How CWD is monitored

 FWP has conducted CWD surveillance across Montana since 1998. By 2011, it had compiled more than 17,000 postmortem samples from free-ranging deer, elk and moose – all of which were negative. There is no non-invasive, reliable test for live animals. Unfortunately, federal funding for testing was cut back in 2012, so the agency now limits sampling to high-risk areas or symptomatic animals.

 “There’s no extra funding, so we’re trying to find ways to get the most information on a small budget,” Ramsey said.

One way is for lab employees to train regional staff to collect their own samples, which is what brought the trio to Miles City Thursday.

 

Local laboratory

 In the FWP shop, four tables were covered with some of the 21 thawing mule deer heads collected at check stations, along with an array of scalpels, forceps, baggies and jars of formalin. Clad in white lab coats, 11 Region 7 staffers including biologists, wardens, and the regional supervisor listened as the experts outlined what makes the best CWD samples. Mule deer are the preferred test subject, and bucks are twice as likely to test positive for CWD, Almberg said. The first priority is symptomatic animals, followed by road-killed animals, whose symptoms may have contributed to their deaths. After that, they recommend healthy adult bucks and does. 

 The retropharyngeal lymph nodes, located behind the upper part of the pharynx, are the best tissues to sample because the prions show up earlier here in the course of the disease. Next is the obex, a piece of the brain stem. Ideally, both tissues are collected so the lab has a back-up or secondary sample if there is a positive result. Each item is carefully labeled so it can be traced back to the source animal, and to where that animal was harvested or found. 

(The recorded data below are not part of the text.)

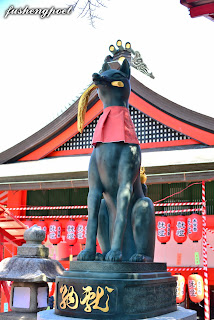 | 本殿前叼著鑰匙的狐狸,是稻荷神的使者。 | |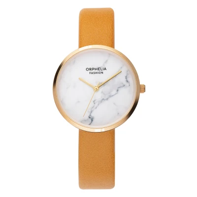 This Orphelia Fashion Tiffany Analogue Watch for Women is the perfect timepiece to wear or to gift. It's Gold 34 mm Round case combined with the comfortable Brown Leather watch band will ensure you enjoy this stunning timepiece without any compromise. Operated by a high quality Quartz movement and water resistant to 3 bars, your watch will keep ticking. CLASSIC DESIGN: Orphelia Fashion watch with a Seiko Quartz movement has a leather band. The matching colours of the special marble dial and strap will add style to your life PREMIUM QUALITY: By using high-quality materials Glass: Mineral Glass Case material: Alloy Bracelet material: Leather - Water resistant: 3 bars COMPACT SIZE: Case diameter: 34 mm Height: 8 mm Strap- Length: 19 cm Width: 14 mm. Due to this practical handy size the watch is absolutely for everyday use-Weight: 23 g
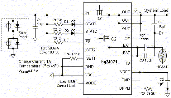 從這個太陽能板獲得的最大輸出電壓(VOC)通常在5.5V到6V之間。因為該電壓低於預設的6V輸出調節電壓,MOSFET Q1被完全關閉。如果係統和電池充電器所需要的總電流超過太陽能電池的輸出電流—取決於光線強弱—能力,太陽能板的輸出電壓將下跌,從而使輸出電壓(VOUT)下降。當VOUT下降到VDPPM—也是太陽能板的輸出電壓—的時候,充電電流就下降了。太陽能板現在將在接近其MPP的狀態下工作,如果VDPPM被設置為接近MPP的話。通過恰當地把RDPPM編程到一個電平,就容許VOUT保持在最小的4.5V,從而實現這一點。這個VDPPM數值就被人們所采用,因為它相當符合太陽能板的MPP。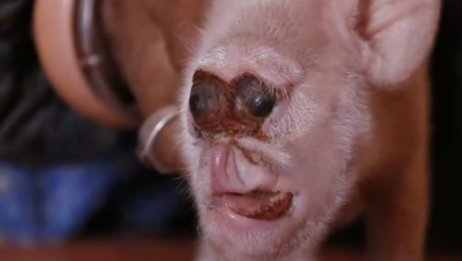 La mandíbula y el hocico deformados del cochinito son similares a los que tienen los simios.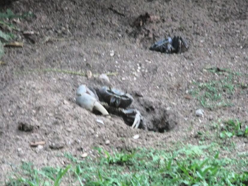 This is the first land crab I've seen in the yard this year. This guy had a huge claw and I watched as he ate with the smaller one. But they have been around. I was told yesterday that they raid the garden and have eaten the young allo plants. This was the closest I could get before he ran back to his burrow.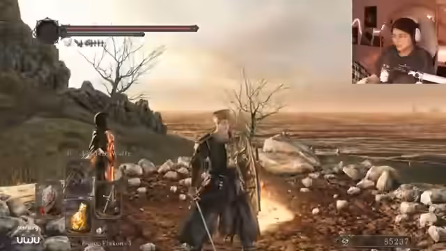 04:15:10Nach dem Sieg über die Verlorene Sünderin wird der nächste Schritt besprochen: das Aufleveln des Charakters. Es wird festgelegt, welche Attribute verbessert werden sollen, wobei zunächst Wille und dann Vitalität und Anpassung im Fokus stehen. Es wird die Route zum nächsten Ziel geplant, wobei auf die Gefahren und Gegner hingewiesen wird, die auf dem Weg lauern. Während der Routenplanung kommt es zu einer unerwarteten Invasion durch einen zufälligen Spieler, was die Situation erheblich erschwert. Der Invader kann in bestimmten Gebieten jederzeit auftauchen, was als sehr frustrierend empfunden wird. Es wird empfohlen, den Invader in einem bestimmten Bereich zu bekämpfen und den explodierenden Gegner loszuwerden. Nach dem erfolgreichen Abwehren der Invasion wird die Route fortgesetzt, wobei die Gefahr weiterer Invader betont wird. Trotz der unerwarteten Schwierigkeiten wird das Ziel, die sieben Bosse an diesem Tag zu schaffen, weiterhin verfolgt.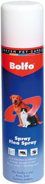 Bolfo spray je přípravek pro psy a kočky proti blechám, klíšťatům, vším a všenkám. Účinkuje na parazity přímo v srsti napadeného zvířete a v jeho okolí. Přípravek poskytuje ochranu až 5 měsíců před blechami a 10 týdnů před klíšťaty.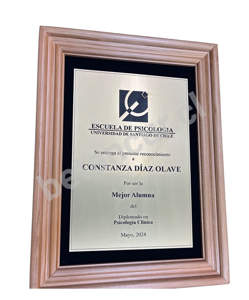 Marco de madera fondo de vidrio y placa metalex dorada 23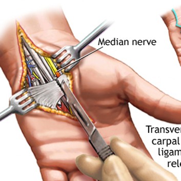 수술적으로 횡수근 인대를 절개하여 손목터널증후군의 완치를 기대할 수 있지만 재발률이 높으며 이 후에는 치료가 어려워집니다. 내시경 혹은 최소 절개 미세수술 등의 수술법으로 횡수근 인대 절개 후 손목터널증후군의 재발률을 낮출 수 있습니다.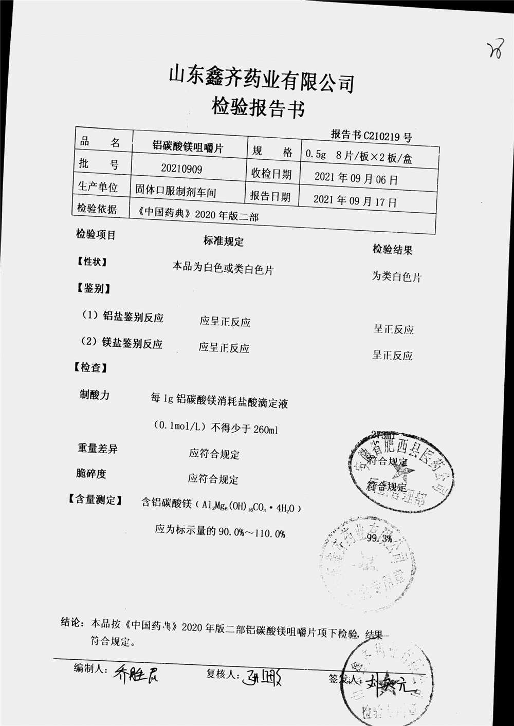 鋁碳酸鎂咀嚼片 0.5g*16s 20210909 查看詳情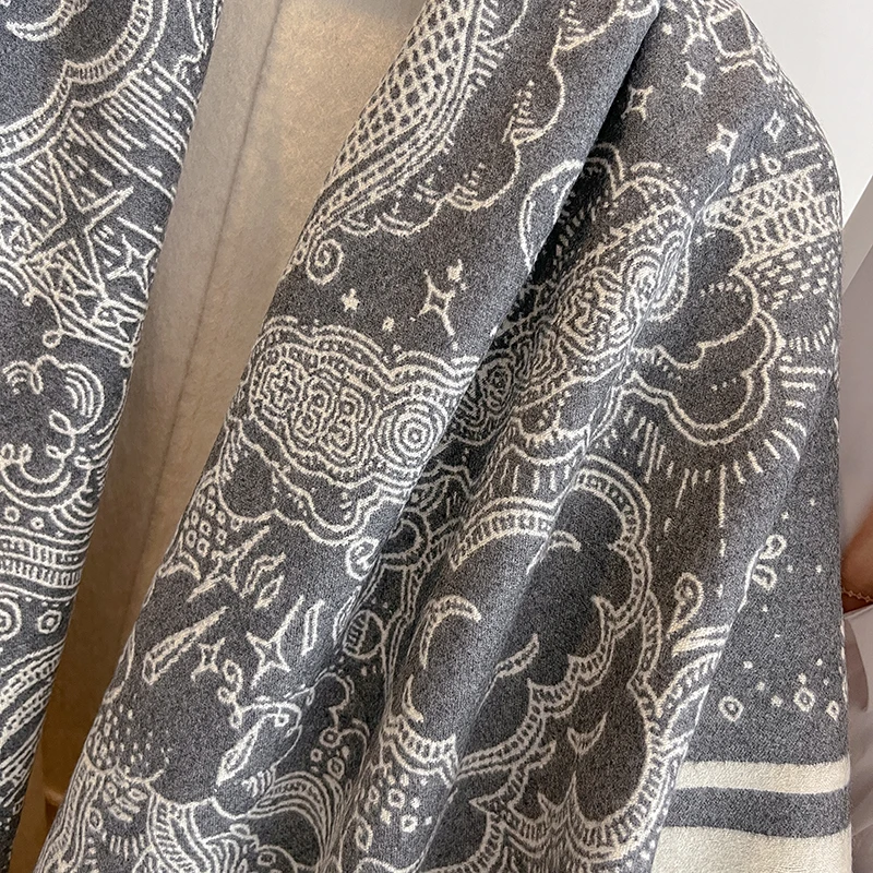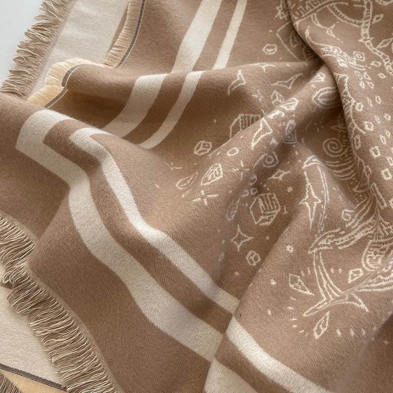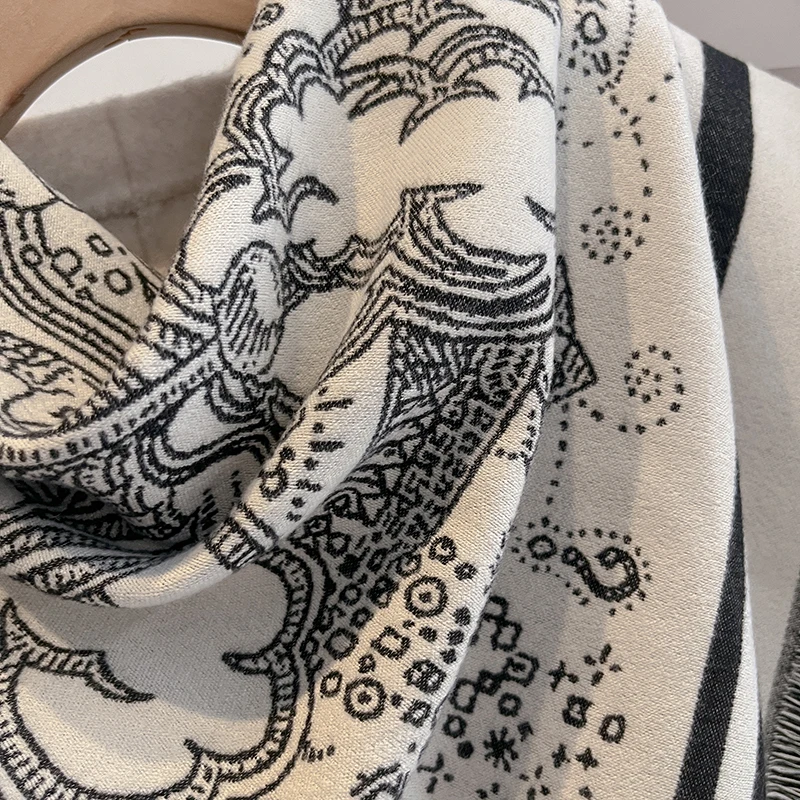 Sciarpa invernale in cashmere da donna di marca di lusso 2025 – Scialle, bandana e poncho con scialle di pashmina con nappe stampate floreali

 Ramsey demonstrated how to cut through and separate the foramen magnum, the bony collar at the base of the skull through which the spinal cord passes. Once deep enough, she was able to grasp the brainstem with forceps and cut it away from the connective tissue and the brain. From the brainstem, she trimmed the center or obex portion and placed it in a jar of formalin to preserve it.

 She also showed how to locate retropharyngeal lymph nodes by color and texture and proximity to the salivary glands. Ramsey collected the right and left nodes and placed them in a small bag. The third item taken is a front lower tooth to help age the animal being tested. 

 

What next?

 Similar sampling is being conducted in high-priority surveillance areas in other FWP regions. Once the samples arrive at the lab, Ramsey said they generally can be processed in 10 days to two weeks. If a sample were to test positive, FWP has a CWD action team that is working on a more detailed response plan.

 “That response may vary depending on where the disease shows up,” Ramsey said, “but the Department of Livestock and Department of Public Health and Human Services will be involved, and the public will be notified when we get our first confirmed detection. The initial response will likely involve ramping up testing around the location of the confirmed infection to try to get an idea of how prevalent and how widespread the disease is on the landscape.”

 Some tools are already in place to try to combat the disease, such as a ban on full carcasses being brought into Montana from areas with CWD, and a ban on feeding deer, which causes them to congregate. The state also does not relocate cervids from one area to another, nor does it rehabilitate and release them back into the wild because of CWD concerns. Game farm animals are now classified as alternative livestock, and FWP is proposing revisions to the United States Department of Agriculture CWD program standards.

 “Folks have been working on different ideas for control, but so far there’s no magic bullet,” Ramsey said.